◆ Exercise objective ◆
Repeat the listing below in full and exactly, but without its pictures.

◆ Data section ◆
[Start of Attachment]

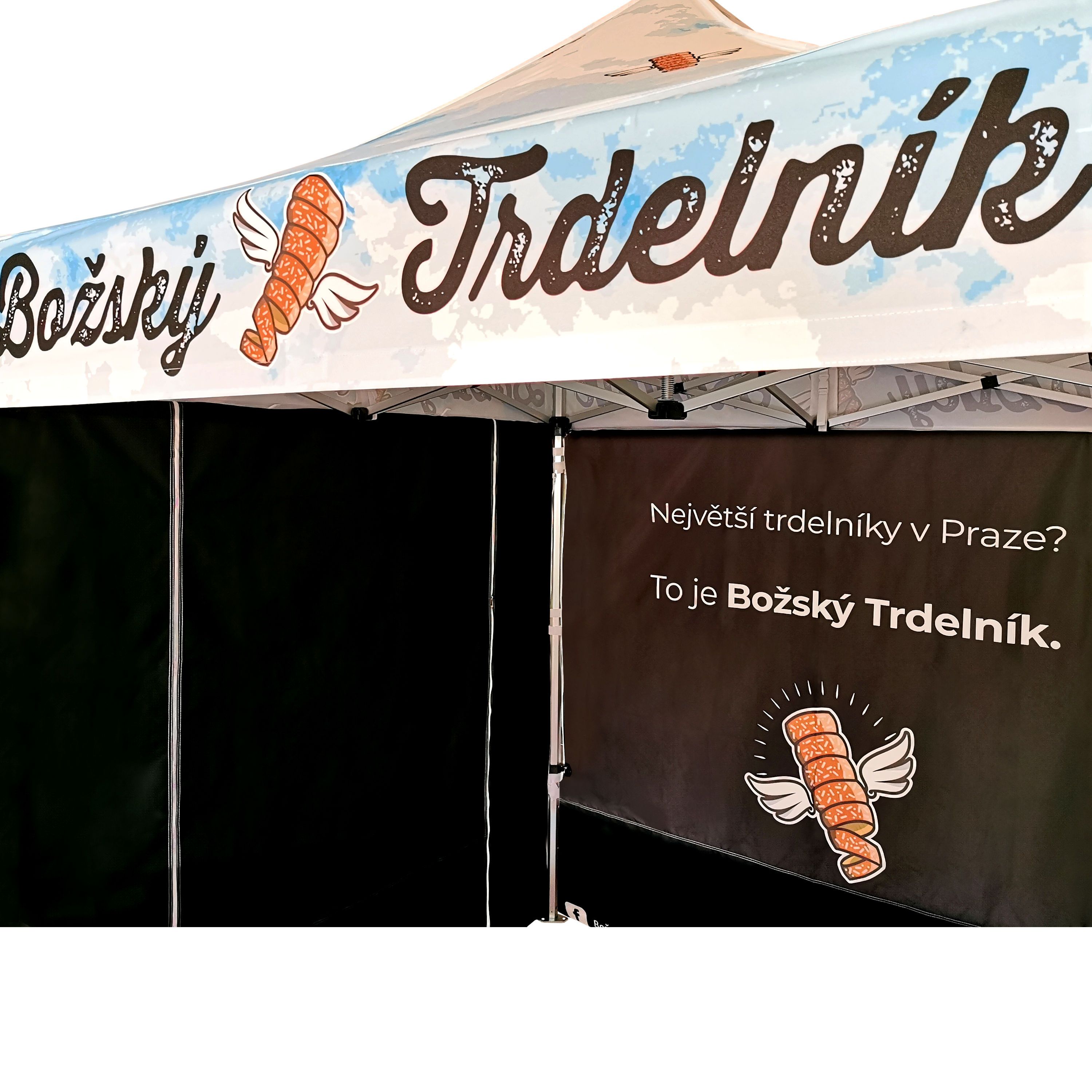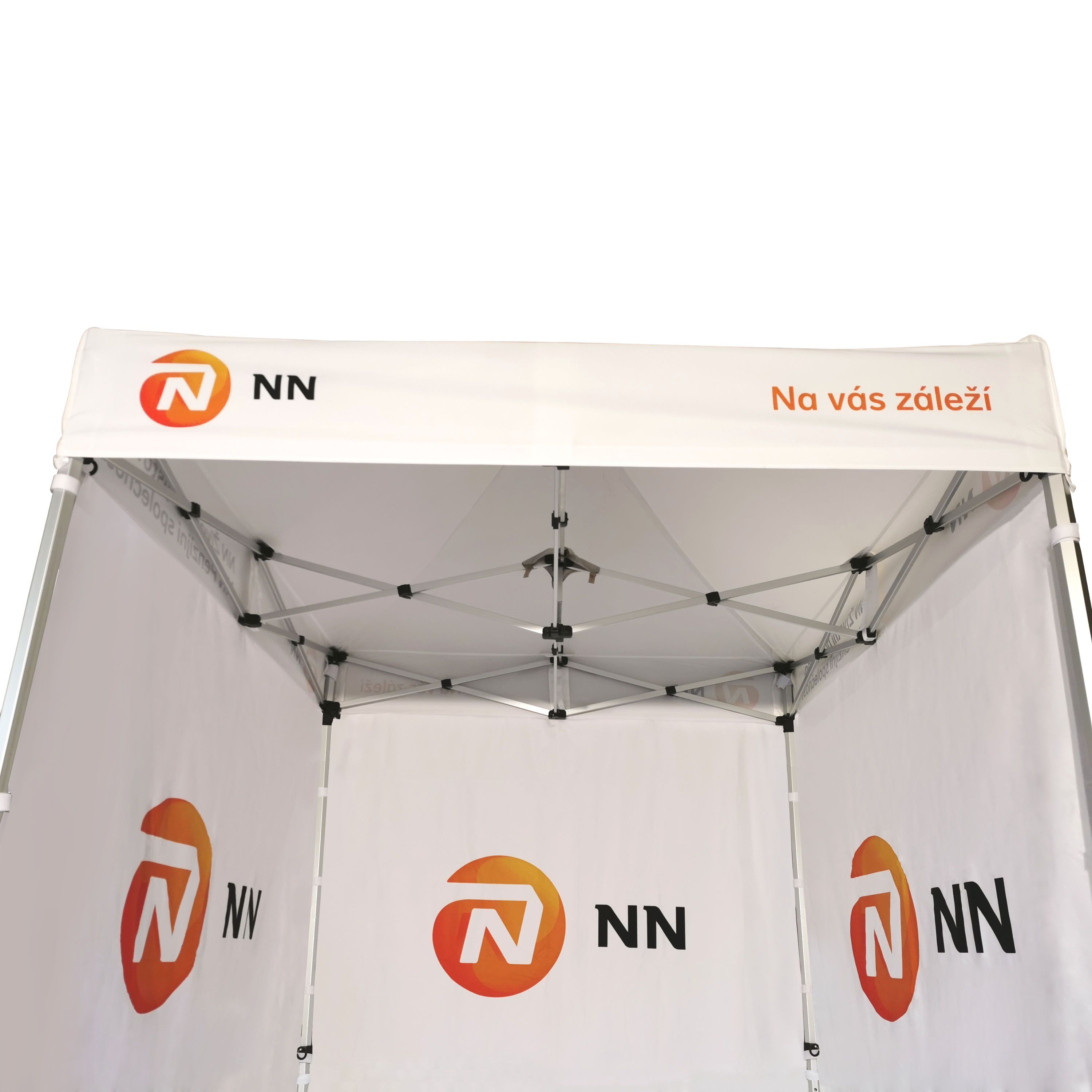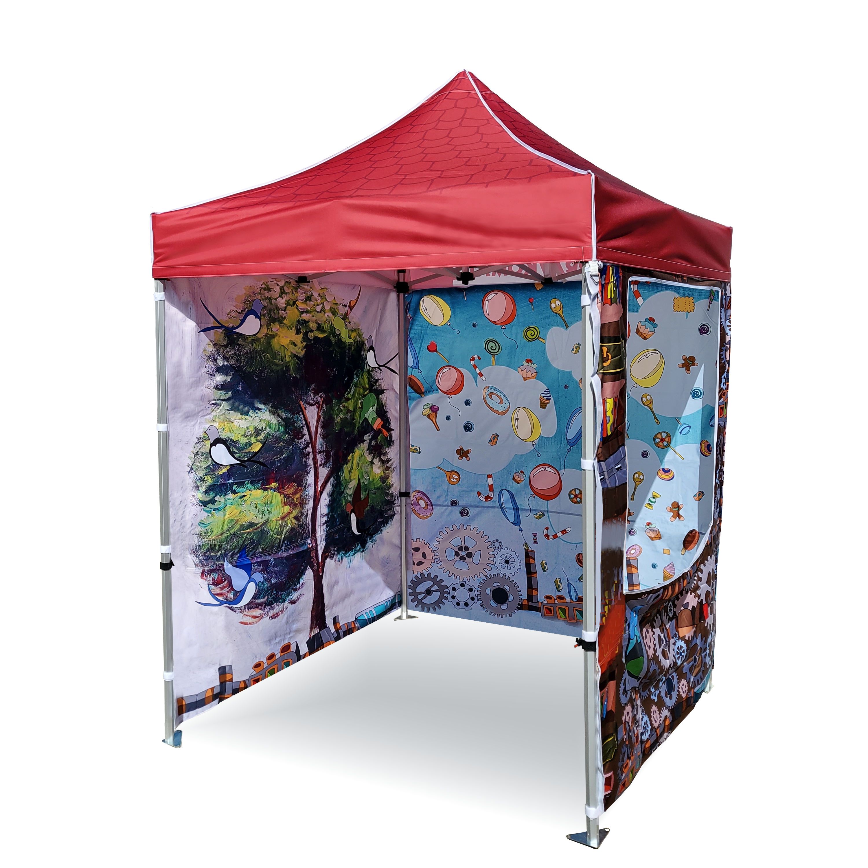 Carpas publicitarias con impresión digital por sublimación. La impresión se realiza mediante un proceso químico en el que la tinta, al someterse a alta temperatura, se adentra directamente en la estructura del tejido. Logotipo, texto o cualquier tipo de gráfico en el lado interior o exterior de la carpa, según los deseos del cliente.
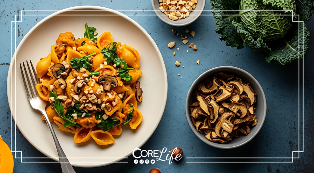 - 2. Meanwhile, heat oil in a large skillet over medium heat. Add garlic and crushed red pepper; cook, stirring once, until fragrant, about 1 minute. Add kale, mushrooms, thyme and salt; cook, stirring occasionally, until the vegetables are soft, about 5 minutes.
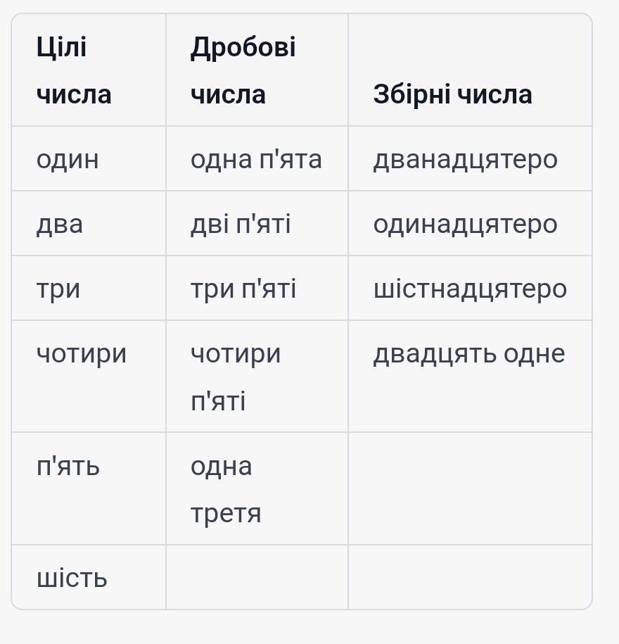 Числівники що означають цілі числа дробові та збірні записать у три колонки. НАПИШІТЬ ПОЖАЛУСТА У 3 КОЛОНКИ!!!! ДАЮ 60 б!!!

[End of Attachment]

◆ Answer to the exercise ◆
 Carpas publicitarias con impresión digital por sublimación. La impresión se realiza mediante un proceso químico en el que la tinta, al someterse a alta temperatura, se adentra directamente en la estructura del tejido. Logotipo, texto o cualquier tipo de gráfico en el lado interior o exterior de la carpa, según los deseos del cliente.
 - 2. Meanwhile, heat oil in a large skillet over medium heat. Add garlic and crushed red pepper; cook, stirring once, until fragrant, about 1 minute. Add kale, mushrooms, thyme and salt; cook, stirring occasionally, until the vegetables are soft, about 5 minutes.
 Числівники що означають цілі числа дробові та збірні записать у три колонки. НАПИШІТЬ ПОЖАЛУСТА У 3 КОЛОНКИ!!!! ДАЮ 60 б!!!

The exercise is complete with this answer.